Posted by on March 25, 2018 in ACS Meetings


PRESENTATION ACS SPRING 2018: Adding Complex Expert Knowledge into Chemical Database and Transforming Surfactants in Wastewater

Adding Complex Expert Knowledge into Chemical Databases: Transforming Surfactants in Wastewater

PRESENTED by Emma Schymanski

The increasing popularity of high mass accuracy non-target mass spectrometry methods has yielded extensive identification efforts based on chemical compound databases. Candidate structures are often retrieved with either exact mass or molecular formula from large resources such as PubChem, ChemSpider or the EPA CompTox Chemistry Dashboard. Additional data (e.g. fragmentation, physicochemical properties, reference and data source information) is then used to select potential candidates, depending on the experimental context. However, these strategies require the presence of substances of interest in these compound databases, which is often not the case as no database can be fully inclusive. A prominent example with clear data gaps are surfactants, used in many products in our daily lives, yet often absent as discrete structures in compound databases. Linear alkylbenzene sulfonates (LAS) are a common, high use and high priority surfactant class that have highly complex transformation behaviour in wastewater. Despite extensive reports in the environmental literature, few of the LAS and none of the related transformation products were reported in any compound databases during an investigation into Swiss wastewater effluents, despite these forming the most intense signals. The LAS surfactant class will be used to demonstrate how the coupling of environmental observations with high resolution mass spectrometry and detailed literature data (expert knowledge) on the transformation of these species can be used to progressively “fill the gaps” in compound databases. The LAS and their transformation products have been added to the CompTox Chemistry Dashboard ( using a combination of “representative structures” and “related structures” starting from the structural information contained in the literature. By adding this information into a centralized open resource, future environmental investigations can now profit from the expert knowledge previously scattered throughout the literature. Note: This abstract does not reflect US EPA policy.
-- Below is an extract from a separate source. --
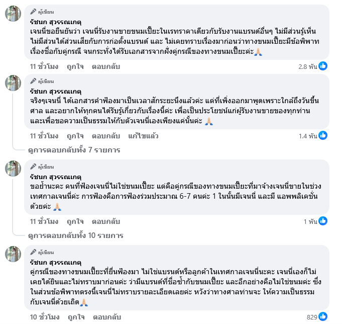 ต่อมาเจนนี่ ยังได้เขียนข้อความระบุเพิ่มเติมในคอมเมนต์ใต้โพสต์ดังกล่าวด้วยว่า เจนนี่ขอยืนยันว่า เจนนี่รับงานขายขนมเปี๊ยะในเรทราคาเดียวกับรับงานแบรนด์อื่น ๆ ไม่มีส่วนรู้เห็น ไม่มีส่วนได้ส่วนเสียกับการก่อตั้งแบรนด์ และไม่เคยทราบเรื่องมาก่อนว่าทางขนมเปี๊ยะมีข้อพิพาทเรื่องชื่อกับคู่กรณี จนกระทั่งได้รับเอกสารจากฝั่งคู่กรณีของทางขนมเปี๊ยะค่ะ
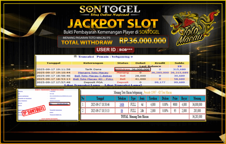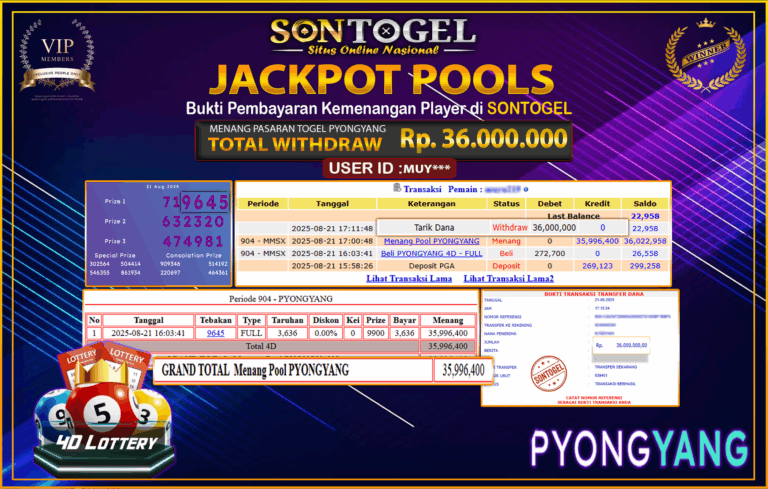 JP SONTOGEL PASARAN TOGEL TOTO MACAU Rp.36.000.000

PRESENTATION ACS Spring 2018: Curating “Suspect Lists” for International Non-target Screening Efforts

Curating “Suspect Lists” for International Non-target Screening Efforts

Emma L. Schymanski, Reza Aalizadeh, Nikolaos S. Thomaidis, Juliane Hollender, Jaroslav Slobodnik, Antony J. Williams5

1Luxembourg Centre for Systems Biomedicine (LCSB), University of Luxembourg, Campus Belval, Luxembourg.
2National and Kapodistrian University of Athens, Department of Chemistry, Panepistimiopolis Zografou, 157 71 Athens, Greece.
3Eawag: Swiss Federal Institute of Aquatic Science and Technology, Dübendorf, Switzerland.
4Environmental Institute, Okružná 784/42, 972 41 Koš, Slovak Republic.
5National Center for Computational Toxicology, US EPA, Research Triangle Park, Durham, NC, USA.
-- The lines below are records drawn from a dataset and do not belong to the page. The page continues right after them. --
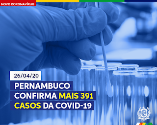 domingo, dia 26, Pernambuco confirmou 391 novos casos da COVID-19. Destes, 169
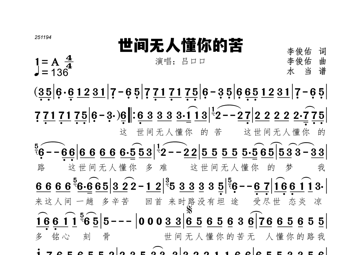 《世间无人懂你的苦》是吕口口演唱的一首歌曲,歌曲速度为每分钟136拍,这份简谱共有一张高清图谱,图谱由 @水当 编配上传。
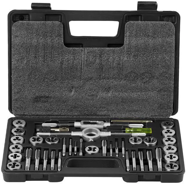 Tap and Die Hardness: HRC55-62,Tap and Die Material: Zinc Alloy,Item Model Number: 40PC,Material: Bearing Steel,Carrying Case Material: PE Plastic

PRESENTED by Emma Schymanski

The NORMAN Network ( is a unique network of reference laboratories, research centres and related organisations for monitoring of emerging environmental substances, through European and across the world. Key activities of the network include prioritization of emerging substances and non-target screening. A recent collaborative trial revealed that suspect screening (using specific lists of chemicals to find “known unknowns”) was a very common and efficient way to expedite non-target screening (Schymanski et al. 2015, DOI: 10.1007/s00216-015-8681-7). As a result, the NORMAN Suspect Exchange was founded ( and members were encouraged to submit their suspect lists. To date 20 lists of highly varying substance numbers (between 52 and 30,418), quality and information content have been uploaded, including valuable information previously unavailable to the public. All preparation and curation was done within the network using open access cheminformatics toolkits. Additionally, members expressed a desire for one merged list (“SusDat”). However, as a small network with very limited resources (member contributions only), the burden of curating and merging these lists into a high quality, curated dataset went beyond the capacity and expertise of the network. In 2017 the NORMAN Suspect Exchange and US EPA CompTox Chemistry Dashboard ( pooled resources in curating and uploading these lists to the Dashboard ( This talk will cover the curation and annotation of the lists with unique identifiers (known as DTXSIDs), plus the advantages and drawbacks of these for NORMAN (e.g. creating a registration/resource inter-dependence). It will cover the use of “MS-ready structure forms” with chemical substances provided in the form observed by the mass spectrometer (e.g. desalted, as separate components of mixtures) and how these efforts will support other NORMAN activities. Finally, limitations of existing cheminformatics approaches and future ideas for extending this work will be covered. Note: This abstract does not reflect US EPA policy.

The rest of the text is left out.